From (really) clueless to self-employed in two years

I am a writer.

It took me a very, very long time to come to terms with the fact that writing is the only thing I’ve ever wanted to do.

To get to that, I had to talk myself out of the belief that I’m just a tiny piece of a corporate machine and that writing is just a hobby, an unachievable dream, an unrealistic career.

I’m feeling grateful and somewhat privileged to proudly be doing the job I am today — crafting words with a purpose behind them in order to help businesses achieve their goals — and all on my terms.

Grateful, because I’m healthy, with a roof over my head, an infinitely supportive husband who’s with me literally every step of the way, loving family and friends, and a desire to always learn and become better at everything I do.

Somewhat privileged, because the circumstances played to my favor so many times in my life. I grew up learning English since I was about 8 years old (I’m Croatian, hence not a native English speaker). I get to now live in Ireland, a country that has given me so much so I can grow. I’m surrounded by people who, in one way or another, lift me up and encourage me to pursue my better self.

And now that that’s out of the way… Let me tell you — in a condensed version — how I ended up having a writing career.

My formal education

First things first, you should know that I wanted to be a writer and a journalist since very early age, probably while I was still in primary school and I hadn’t yet entered even my teen years.

I got into gymnasium, learned three languages, got into the journalism college and obtained a bachelor’s degree in TV journalism and a master’s in journalism.

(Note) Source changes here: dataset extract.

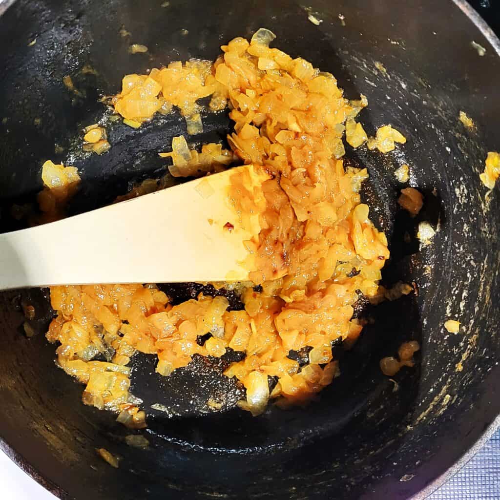 Bak, ook al voeg je natriumbicarbonaat toe, de uien lang en langzaam om de zoete uiengeur die we allemaal lekker vinden te voorschijn te laten komen.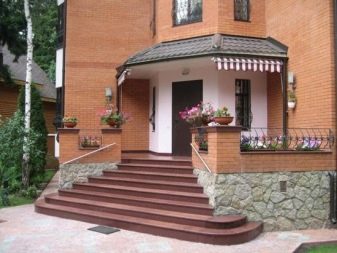 Реже встречается крыльцо сделанное из такого уникального по своим свойствам, но при этом дорогостоящего материала как древесно-полимерный композит (ДПК). Террасная доска из данного материала совмещает в себе все достоинства полимеров и древесины – она долговечная, прочная и устойчивая к гниению, не истирается, обладает антискользящей поверхностью, не деформируется при перепадах температур и влажности.

I was over the moon about it.

I tried getting jobs in journalism, but they all required more experience than I had, even though I had some time in multiple TV and radio stations under my belt.

During my studies, I worked at a telecommunications company as a salesperson, through a student-type arrangement. That certainly didn’t help in my search for a journalism job.

My early corporate jobs

After I’ve finished my classes but still had to finish my thesis, I’ve moved to Dublin with my husband (then boyfriend). It was originally a 6-month plan (we’re now nearing our 4th year here — go figure).

Because of what seemed like a short-term plan, I just wanted to get any job. So I ended up in telecommunications retail for a couple of months. After that, I got a job as a salesperson in the headquarters of a humongous telecommunications provider, and it seemed like I’ve accomplished SO MUCH by doing that. (Silly me.)

Several months later, I’ve lost that job, and I walked out of that building completely lost, clueless, choking in tears and empty inside.

We had just decided to stay in Dublin a while longer, and that day literally took the reason for me to stay here away.

So now what?

My time of struggle and my silenced creativity

Two years ago, almost to the day, this is where I was. Out of the job that I didn’t enjoy, not sure what I’m really doing in a foreign country, and not sure what I want to do with my life.

I kind of knew I wanted to write — and my husband kept encouraging me to pursue it — but all the writing jobs (and even content marketing jobs) that I kept coming across required much more experience than I could prove. In this process, I fell in love with the idea behind content marketing and writing with purpose, so I kept learning about it.

So I kept sending my applications, and when I wasn’t doing that, I networked and kept on meeting some remarkable people that way. And guess what? There were people who realized I had a journalism background and gave me some freelance writing gigs.

It was awesome!

It wasn’t enough to keep me going financially, though, and my job hunt went on. Eventually, I got a job in a large and well-known education company that covered several digital marketing areas, and I was a part of a team that planned and produced these courses.

It was a brilliant opportunity for me to learn SO much and work with some incredible people. A huge thing I’m grateful for.

BUT… Over time, I realized I spent most of my time researching and writing about digital marketing instead of practicing it. So my side-gig pursue kicked off again, and the creativity I didn’t get in my job, I fulfilled that way.

I spent 18 months in that job, until it got to a point when I knew I’m going to regret not investing all of my time in my passion.

So I quit!

My desire to learn (and never stop)

During all that time, I never stopped upgrading my skills and chasing my better self. I read and wrote constantly. I wrote for free. I wrote for not-so-great rates. I wrote on my travel blog. I tested and researched strategies so I could make myself a better content marketer and writer.

I invested money in some brilliant courses, resources, and conferences. I asked people who were ahead of me for a chat. I sometimes spent all evenings and entire weekends on something that never gave me immediate results.

But you know what? In those two years, I turned into a person I never thought I would — I developed confidence and guts that were completely unknown to me not that long ago.

And when I left my job earlier this year, I replaced the corporate salary I had with the freelance income entirely (and went over it) in the matter of weeks.

It was all a result of a lot of effort over almost all of these two years, and for much of it, I felt clueless and had no idea if any of it will pay off. But I kept at it.

Trust me — hard work always pays off.

When I published my most recent article here on Medium, so many of you reached out to me telling me you feel the same. Now that you have a bit more of my context, I want to hear from you again — let me know where you are on your path to an independent writer!